Times being what they are, anyone who comes across something that is just not right should report it to the authorities because you never know if something nefarious is going on. Better to be safe than sorry and all that. Large purchases of fertilizer by someone who doesn’t know anything about farming is one example, or perhaps a Russian asking where you store your “nuclear wessels.”

Not Quite Right

Greg Ebert, an employee of Guns Galore LLC in Killeen, Texas, had a strange feeling about a man who came into the store to purchase six pounds of gunpowder, three boxes of shotgun shells, and a magazine for a semi-automatic pistol. The customer acted strangely and asked odd questions about what he was purchasing.
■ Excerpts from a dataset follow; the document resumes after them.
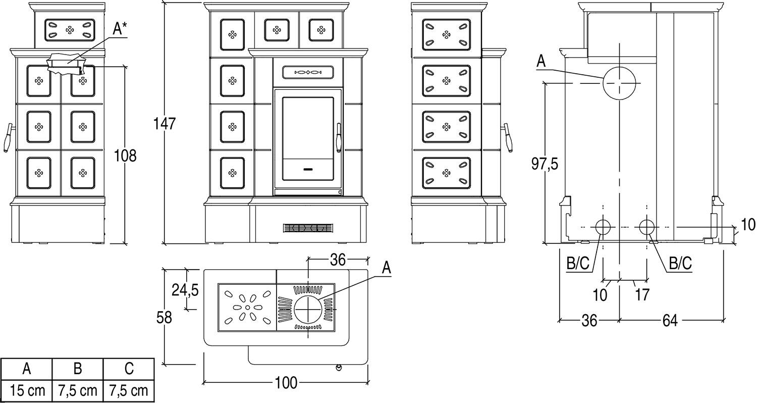 Высота, см 146,7 Ширина, см 100 Глубина, см 58 Мощность, кВт 5,5 - 11 Форма стекла Прямое Материал Сталь+Чугун+Керамика Диаметр дымохода, мм 150 Вес, кг 327 Духовка Нет -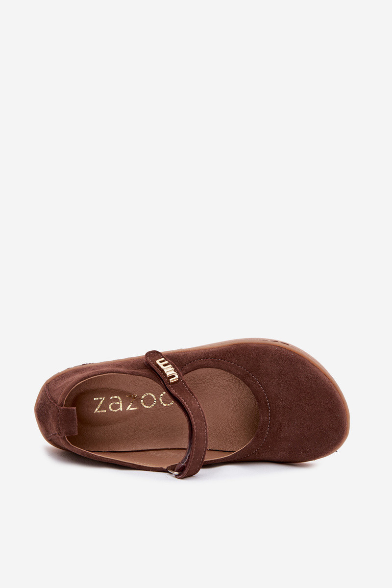 Lederne Wildlederschuhe Barefoot Ballerinas mit Riemchen Zazoo 10206 in Sandfarbe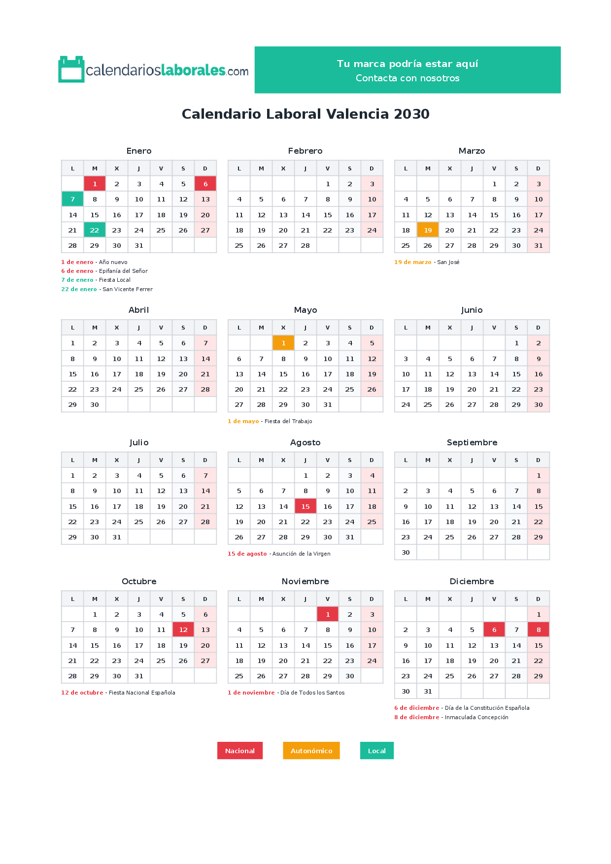 El calendario laboral de Valencia en 2030 cuenta con un total de 11 días festivos, que incluyen festivos nacionales, festivos autonómicos de Comunidad Valenciana y los festivos locales establecidos por cada municipio.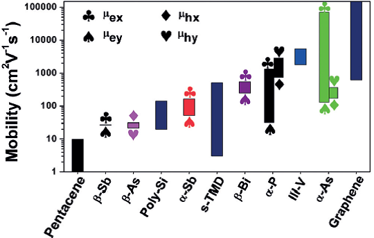 2015年,以块体灰砷与灰锑为母体材料,南京理工大学曾海波团队设计了二维砷烯与锑烯热动力学最稳定的原子结构,并预测了其半导体性电子结构(Angew. Chem. In. Ed. 2015, 54, 3112)。但是除了维度缩减诱导的半金属-半导体转变以外,它们的价带顶、导带底、迁移率等对将来的器件设计非常关键。最近,该团队系统地探索了第五主族单原子二维材料的以上关键特征,包括磷烯、砷烯、锑烯、铋烯等(Angew. Chem. Int. Ed. 2016, 55, 1666)。结果表明它们的带隙能量涵盖0.36至2.62 eV,对应于从红外到可见的宽光谱响应。价带顶分布于-4.66到-3.05 eV之间,导带底分布于-3.08到-1.22 eV之间。令人兴奋的是,结果表明它们会具有较高的迁移率,尤其是α相砷烯,高达105 cm2V-1s-1,与石墨烯相当,高于目前电子器件经典材料硅,也高于经典光电子材料三五族半导体。低维材料在线长期提供这一类优秀的高性能材料,这些结果为第五主族单原子二维材料的电子与光电子器件设计提供了关键参数。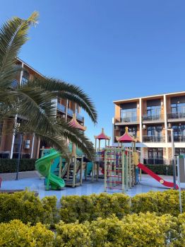 Апартаменты сдаются впервые в 2026 году. Новый комплекс с двумя бассейнами, детская площадка. Территория огорожена с видеонаблюдением, охраняется.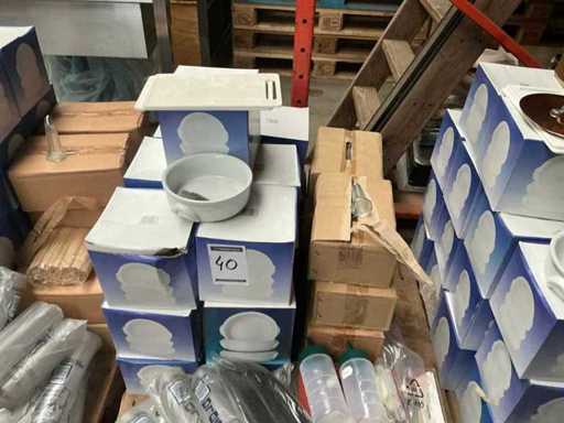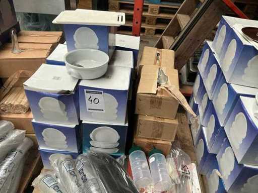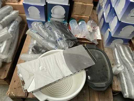 Waaronder divers servies/ gestapeld op 2 pallets/ pallets niet inbegrepen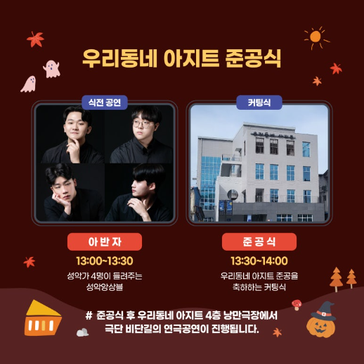 이번 축제에서는 금산 주민들이 사랑하는 공간, '우리 동네 아지트'의 준공식을 함께합니다. 식전 공연으로 성악 앙상블이 준비되어 있으며, 성악가 4명이 들려주는 아름다운 하모니를 감상할 수 있습니다. 이어지는 준공식과 커팅식에서는 새로운 공간의 시작을 축하하며 연극 공연도 진행될 예정입니다.
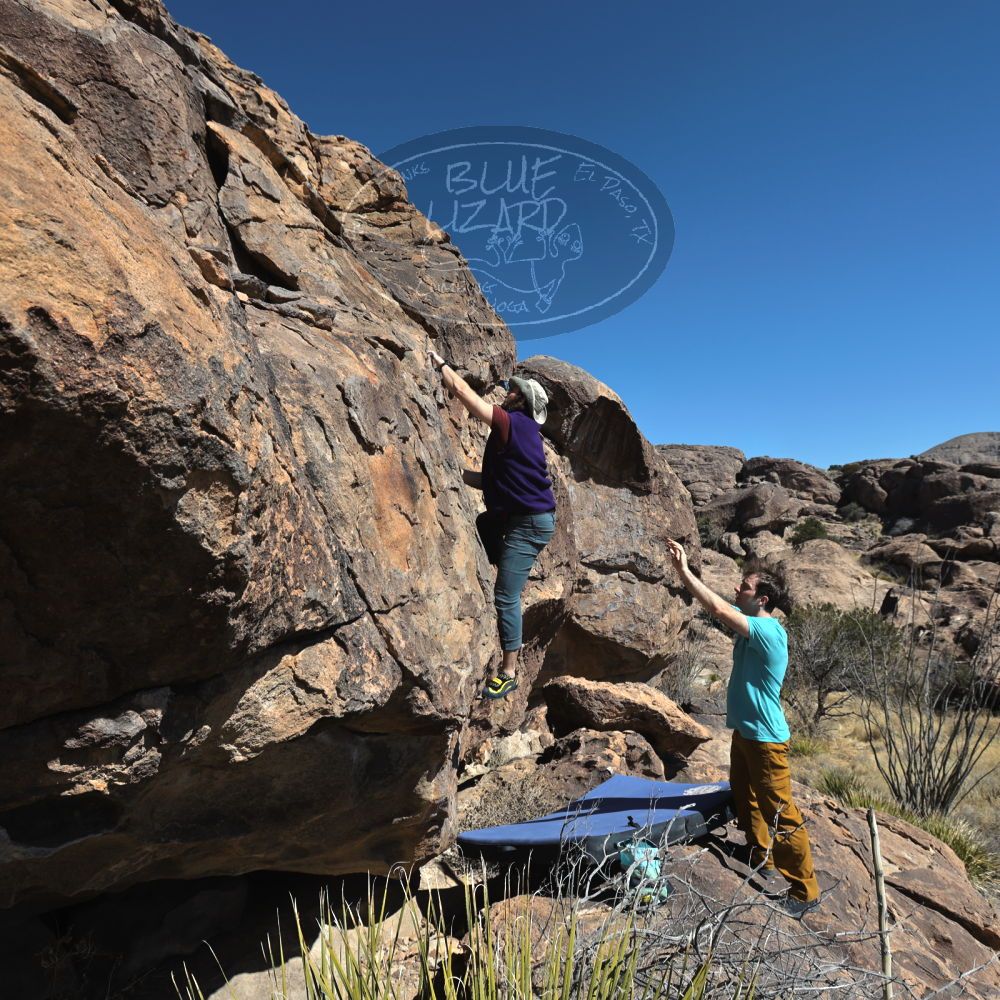 Blue Lizard Climbing and Yoga Hueco Tanks guiding on February 20, 2022, with Cam, Ian, Kamal & Jessica, Mike, and Nick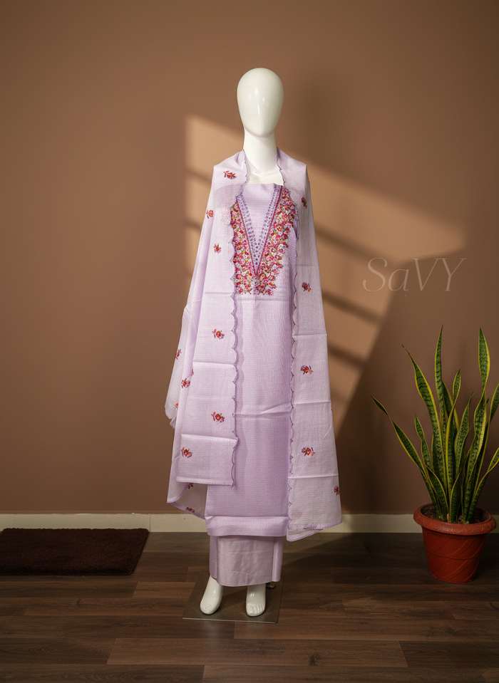 A lightweight Kota Doria unstitched suit set in a soft lavender shade. The kurta features a detailed floral embroidered neckline, paired with a matching Kota dupatta finished with scalloped edges and scattered floral buttas. Comes with a plain cotton bottom for a clean, coordinated look. Ideal for everyday wear, office, or light occasions.

The incident was so out of the ordinary that Greg, a 17 year veteran of the Kileen police force, called it in. Authorities traced the customer, Pfc. Naser Abdo, to his hotel room and discovered explosives materials, a uniform with Fort Hood patches, ammunition, semi-automatic weapons, and a backpack containing a bomb. You remember Fort Hood, right? Maj. Nidal Malik Hasan was firing on soldiers there until Sgts. Kimberly Munley and Mark Todd Sr., Fort Hood civilian police officers, took him down.

After questioning, Abdo revealed that he planned an attack on Fort Hood. ABC News reported that Abdo planned to target a restaurant popular with Fort Hood soldiers. You can check out the rest of this story online if you so wish. Good thinking on the part of a store worker helped avert a tragedy.

Suspicious? Yeah, We Know

The reason that I am writing about this is because of a much different outcome when alert gun store employees in Arizona reported similarly strange behavior by smugglers apparently paying straw purchasers to buy guns for them. Instead of investigating and arresting the perpetrators, the Bureau of Alcohol, Tobacco, Firearms and Explosives (ATF) fired up an operation called, “Fast & Furious,” and ordered the gun dealers to continue selling to the suspected smugglers while ATF agents were ordered to stand down while the guns were smuggled into Mexico.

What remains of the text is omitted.